It's not unusual for it to rain one day and not the next. Rain doesn't change gradually but rather it can start and stop quite abruptly. A line chart is not really suitable for visualizing tht sort of behaviour - better to use a bar chart.
If you draw a bar chart of the rainfall data for 2018, you can see that the changes over time are more abrupt than the temperature data and, so, a bar chart representation is quite appropriate. Here's what it looks like:
weather.plot(kind='bar', y='Rain', x='Month') plt.show()
There is quite a difference in rainfall between May and June, and it is very clear from the bar chart that this is the case. A line chart would make it look like there was a smooth transition between the two months whereas this is unlikely to be the case.
This sort of representation makes to easier to spot phenomena like April showers - April being the month when it typically rains a lot in the UK. Except that, in 2018, April was less wet than March, and not much worse than May.
Ah well, that's folklore for you.
Looking at the code you can see that it is very similar to the line chart code. The only difference is that the function call has
.bar appended to it, rather than
.line. As we discussed above, the same result would be obtained if you called the specific bar chart method, like this:
I won't continue to talk about the two ways of specifying a particular chart, suffice it to say that in all of the charts you can use either construction.
What if we want our bars to be horizontal? In that case we specify
barh as the type of chart, as below:
weather.plot(kind='barh', y='Rain', x='Month') plt.show()
And, as you might expect, you can create multiple bars by adding a list of y values in the same way as the line chart.
Clearly, if you are going to plot two values on the same chart, the type of data needs to be similar. It would not make sense to have rainfall and temperature on the same chart as they are measured in different units. So, to illustrate a multiple bar chart we are going back to temperatures. Here is a bar chart that plots both Tmax and Tmin:
weather.plot(kind='bar', y=['Tmax','Tmin'], x='Month') plt.show()
And one that plots the three temperatures, as you did with an earlier line chart:
weather.plot(kind='bar', y=['Tmax','Tmed','Tmin'], x='Month') plt.show()
A scatter plot is a Pandas Plot that plots a series of points that correspond to two variables and allows us to determine if there is a relationship between them.
Is there a relationship between the amount of sunshine in any particular month and the level of rainfall? Probably there is.
The scatter plot below plots Sun against Rain. There are 12 points, one for each row in the table, and the points plot the value of Rain on the vertical axis against Sun on the horizontal one.
It’s not particularly clear but you can see a vague linear relationship.
A straight line that was the best fit through the twelve points would start somewhere high up on the left and end up low on the right. That tells us that when Rain has a high level, Sun has a low one, and vice versa. Which common sense tells us is probably right — there is, generally speaking, an inverse relationship between the amount of sun and the amount of rain. Because when it's raining it's also cloudy and so there is less sunshine.

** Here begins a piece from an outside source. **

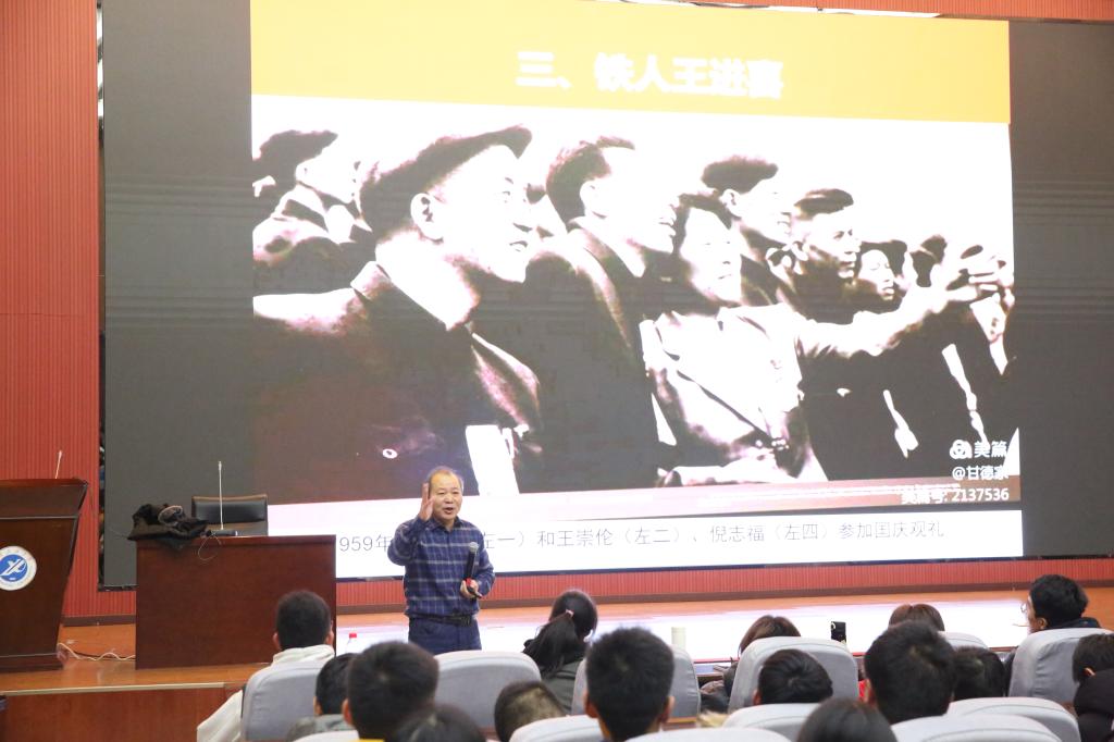 郭崗彥主任長期致力于大慶精神、鐵人精神的學(xué)習(xí)和研究,對鐵人王進喜的生平事跡和鐵人精神有著獨特的見解。此次報告會,郭主任從鐵人精神的歷史地位,鐵人精神產(chǎn)生的時代背景和鐵人精神帶給我們的啟示三個方面闡釋了鐵人精神的內(nèi)涵。首先,郭主任通過對王進喜生平的講解以及他對中國石油工業(yè)發(fā)展的突出貢獻的描述,強調(diào)了王進喜民族英雄的歷史地位。隨后,郭主任回顧了上世紀六七十年代中國缺油少油的歷史背景,在中國石油極度匱乏的情況下,王進喜及所有參加大慶“石油大會戰(zhàn)”的全體石油工人用“人拉肩扛”“盆端桶提”的方式,為中國摘掉了“貧油”的帽子。最后,郭主任強調(diào),作為當代大學(xué)生,應(yīng)該學(xué)習(xí)王進喜“寧可少活二十年,拼命也要拿下大油田”的拼搏精神,堅定理想信念,明確學(xué)習(xí)目標,努力將自己培養(yǎng)成德智體美勞全面發(fā)展的社會主義建設(shè)者和接班人,為實現(xiàn)中華民族的偉大復(fù)興貢獻自己的力量。

weather.plot(kind='scatter', x='Sun', y='Rain') plt.show()
In this example, the relationship between the values is fairly obvious and if, from some hypothetical data set, we were to plot rainfall against umbrella sales, we might also see what we expected. But it can be useful to be be able to demonstrate such relationships when they are not so obvious.
Pie charts are typically used to show what proportion of some value can be associated with a particular group or category. You might, for example, show peoples' preferences for different types of fast food - 80% like pizza and 20% prefer burgers - or the market share of various types, or makes, of automobile.
Here we are going to see what proportion of the annual sunshine happens in each month.
So, the pie chart only takes one parameter for the data, in the case Sun. This is then plotted against the index of the DataFrame (the index is the value in the first column in the DataFrame). Here's a first try at creating the pie chart:
weather.plot(kind='pie', y='Sun') plt.show()
This is the sort of thing that we want but, frankly, it could be better.
There are two problems. One is that the legend, being quite big, obscures part of the chart and the second is that what you are interested in is the proportion of sunshine in each month, whereas what you have here is the proportion of sunshine in some categories labelled 0 to 11.
To fix this, you need to do a couple of things.
Firstly, you are going to change the index into something more meaningful by assigning a list of strings to the index of the weather DataFrame. You can see this is the first line of the code, below. Secondly, you can simply dispose of the legend, as it doesn't really add any value to the plot. You do this by adding a new parameter to the plot method. The parameter is
legend and you simply set it to
weather.index=['Jan','Feb','Mar','Apr','May','Jun','Jul','Aug','Sep','Oct','Nov','Dec'] weather.plot(kind='pie', y = 'Sun', legend=False) plt.show()
Statistical charts and spotting unusual events
Getting more data
You've been using a small dataset up to now and the simple charts that you've used have been entirely appropriate.
Now, you are going to download a larger dataset. It's the same format as before but covers several decades, not just one year.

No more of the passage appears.